Ten Songs at a Time 1.23.2016

On my musical streaming app of choice, I’ve attempted to compile a master playlist of songs that I generally prefer to other songs. In a semi-weekly feature that will, as per usual, be worked on sporadically at best, I’m shuffling that playlist, and writing about ten songs at a time. This list is catch-all, so all genres and artists are in play. Nothing will be skipped over.

“Our Life Is Not A Movie Or Maybe,” Okkervil River
The whole Stage Names record is a masterwork, and other songs might hit a more poignant emotional sweet spot, but “Our Life” is the album’s opener and most exciting song: flurried guitars, big fat “Be My Baby” drums, and Will Sheff yawping the best big-rock melody he’s ever penned.

“It Goes On and On,” The Avett Brothers
Not my favorite Avetts tune, I must admit — it might even fall outside the top twenty if I think about it hard enough — but it’s their only moment of jaunty, Ben Folds-y piano-pop that I can think of, and the full-bore harmonies are way too fun to sing in the car, which is 90% of the reason why this playlist exists in the first place.

“Massive Nights,” The Hold Steady
Ugh, that lithe, skittering guitar line and the moment ’80s keyboard trills dance over it in the first verse… this, this is why people used to call The Hold Steady the best bar band in the world. The song’s hardly heady or high-concept, but that pogoing chorus makes me want to floor it and that’s why I have points on my license. Worth it, Hold Steady, even if only for those background vocals on “there’s usually one or two” or that glorious key change.

“Me and Jesus the Pimp in a ’79 Grenada Last Night,” The Coup
Perhaps Boots Riley’s finest moment as a rapper, “Jesus the Pimp” frames a cautionary tale of prostitution and misogyny around the moment the murderer of our narrator’s mother gets out of prison; it’s smart and sad, yes, but it’s also incredibly groovy and often extremely funny. I guess a seven-minute narrative rap song has the room to accommodate tonal changes.

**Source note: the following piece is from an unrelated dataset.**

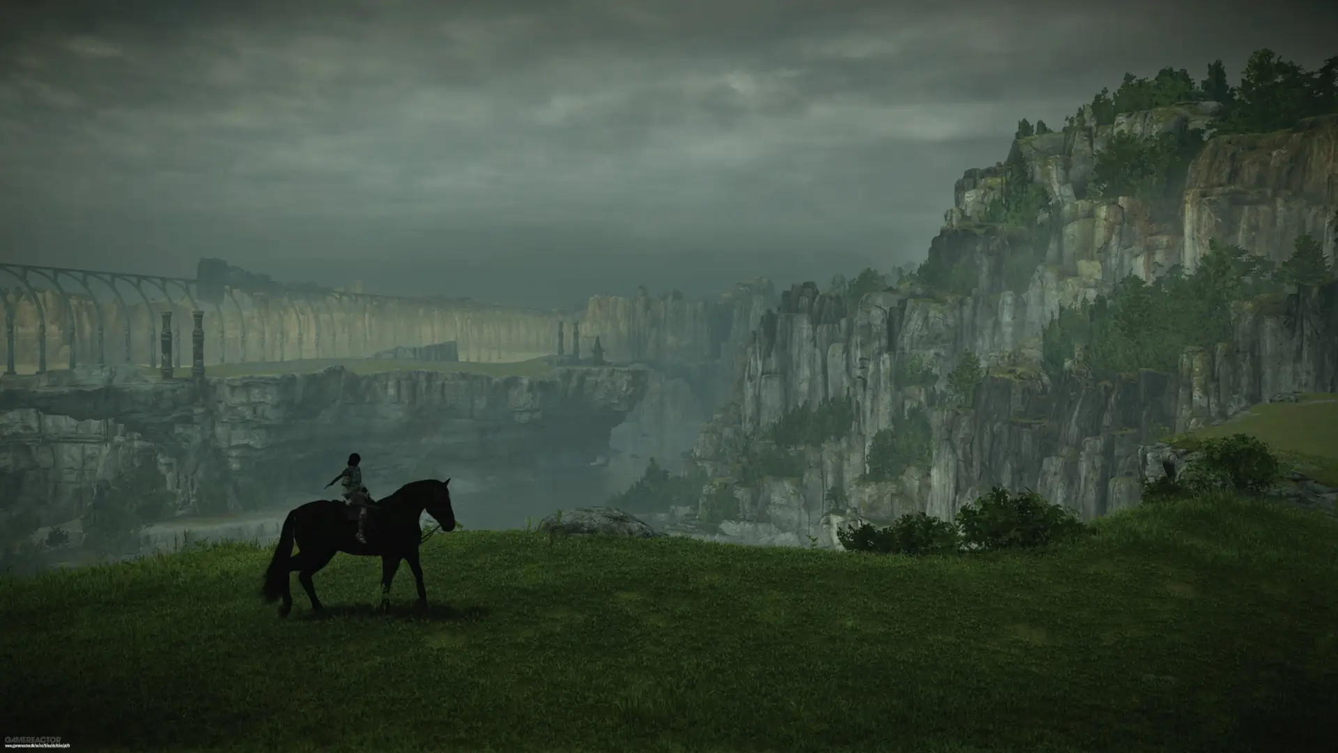 Le jeu s’ouvre sur une très jolie cinématique, franchement pour un vieux machin, c’est beau et très cinématographique. On incarne le jeune Wander accompagné de son fidèle cheval Agro. Il cherche à ressusciter une jeune fille nommée Mono, dont on ne sait pas grand-chose, mis à part qu’elle est morte à cause de son destin « maudit ». On ne connaît pas le lien qui unit nos deux jeunes héros. Après avoir déposé Mono sur un autel dans un immense sanctuaire perdu au milieu de nulle part, une voix (des voix) flippante qui « s’intitule » Dormin, surgit et nous fait son petit laïus avant de nous envoyer tuer 16 Colosses afin de ressusciter notre petite Mono. Alors on prend son dada et son épée et c’est parti pour la chasse aux Colosses !
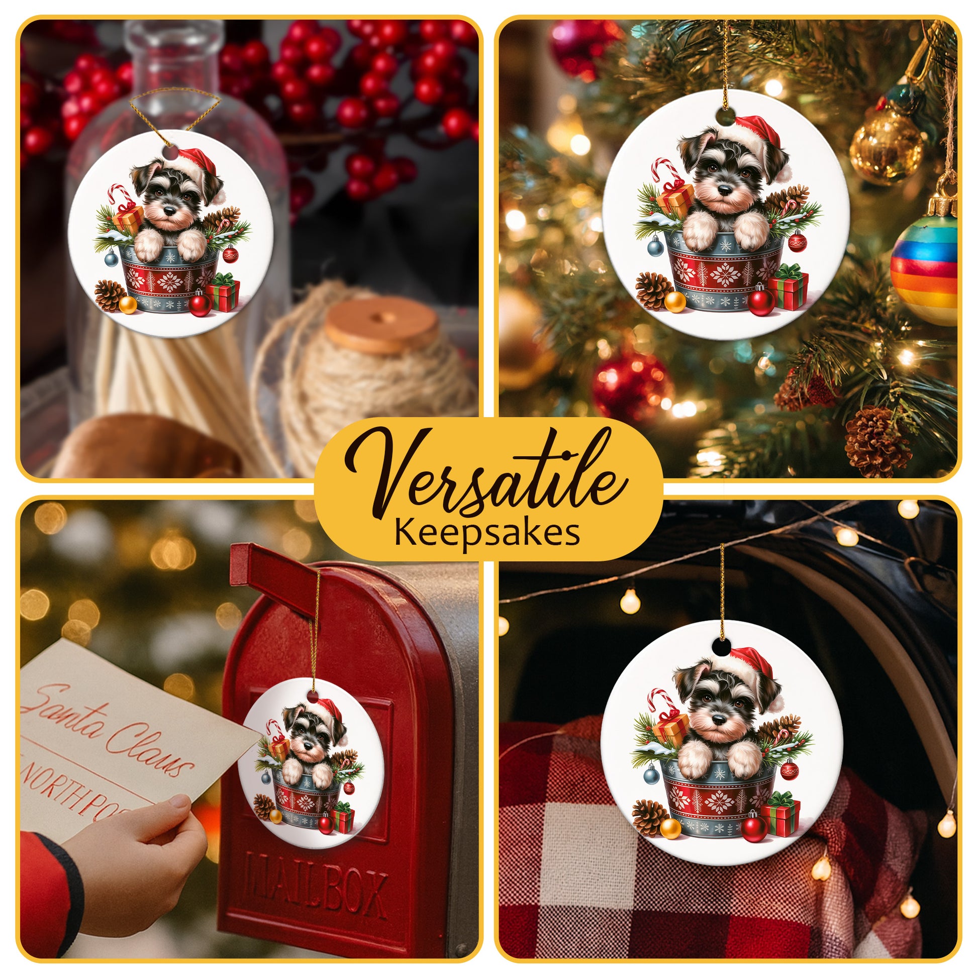 Netecom Funny Schnauzer in Bucket Ornament, Dog with Santa Hat Ceramic Ornament for Christmas Tree Hanging Decorations Gift, Puppy Lover Gifts, Home Decor, Holiday Party Present

“Dum Dum Ditty,” The Downbeat 5
Odd subgenre: I like pop songs that try, through onomatopoeia or instrumental, to describe what their heart feels for their significant other. Emiliana Torrini’s “Jungle Drum” proclaims that her “heart is beating like a jungle drum”, and then takes a bar to clumsily beatbox, while in “Kick Drum Heart”, the Avett Brothers claim to have a “heart like a kick drum”, and then pause to demonstrate (“BUM-BUM-BUM-BUM-BUM-BUM”). Point being, I only know “Dum Dum Ditty” from some Little Steven compilation but the chorus is “he makes my heart go dum-dum-ditty, whoa-whoa” and that’s silly enough for me to love it unconditionally.

“You Better You Bet,” The Who
If anything, “You Better You Bet” makes me lament the death of Keith Moon, because I can’t imagine the manic Keith would have stood for the anemic drumming on this track; all is forgiven when Roger Daltrey unleashes one of his best, funniest, wryest vocals upon that behemoth of a silly, background-vox-heavy, keyboard-drenched chorus.

“Sherry Darling,” Bruce Springsteen
Apparently we’re in the classic rock section. Whatever; I love The River for a lot of reasons, but the most fun track on it is handily the sunny, frivolous “Sherry Darling”, wherein Bruce faces tons of obstacles on the way to his beloved, including an overbearing (apparently unemployed) mother-in-law who can “take a subway back to the ghetto tonight”. I think my favorite part of this track (sax solo aside, of course) is the way it comes out of the instrumental break with a sincerely sung “let there be sunlight, let there be rain/ let the brokenhearted love again”, a moment of weird earnestness in a silly, kind of sarcastic jam. It fits nowhere in the song, but it fits everywhere, because Bruce.

“Dreaming Of You,” The Coral
I literally know nothing about The Coral — I don’t even know where I heard this song. I do know that it’s fantastic, a grubby little pop-rock song with a terrifically raw vocal and — and this is key — KILLER background singing. It’s all harmonized oohs and aahs, but take ’em out and the bolts are removed and the song clatters to the ground, defeated.

“Honey Bunny,” Girls
Father, Son, Holy Ghost was the first Girls record I listened to; were it not for a beaut of a track like “Honey Bunny”, I might not have investigated. It’s a perfect pop song and that’s all you need to know.

“Never Forget You,” Noisettes
Remember that one time I gushed at length about The Pipettes’ “Pull Shapes”, and how by “that one time” I mean “all the time because ‘Pull Shapes’ is literally perfect”? When I say that “Never Forget You” is, so far, the best girl-group throwback track of this millennium, please remember that it only falters in comparison to true bliss.